Let’s understand this better with an example. If a user asked Ruuh, “Which pizza toppings are most popular?”, Ruuh would identify the query as pertaining to ‘pizza toppings’ and retrieve the most relevant answers based on this query. Ruuh would rank similar answers from the database based on relevance to generate the most appropriate response. With contextual awareness, Ruuh can easily answer follow-on questions such as, “Which ones do you like?” by replying “I love mushroom and pineapple”.
By comparing this model to traditional ways of matching responses to queries, we found that the addition of contextual awareness, relevance score ranking, and emotion detection resulted in a statistically better model. Our model helps Ruuh understand people better and create more value for users by being a friendly conversationalist.
The impact of human-like engagement
The cDSSM is an improvement over traditional chatbot models.

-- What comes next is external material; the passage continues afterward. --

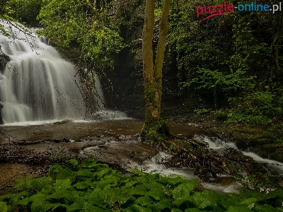 Puzzle Wodospad, Las, Rzeka, Rośliny

By enabling Ruuh to pick up social slang, emotional cues, context and subtexts, we have created a chatbot that is not just a digital assistant but a human-like digital friend. This model could have far-reaching impact on our relationship with technology.
Humanizing technology is essential to drive adoption. If users can establish a connect or be entertained by a new technology, they are more likely to interact with it regularly to derive value. Meanwhile, more usage will enable the platform to learn on a deeper level with more data gathered over time. This will lead us to a path where machines understand humans more deeply!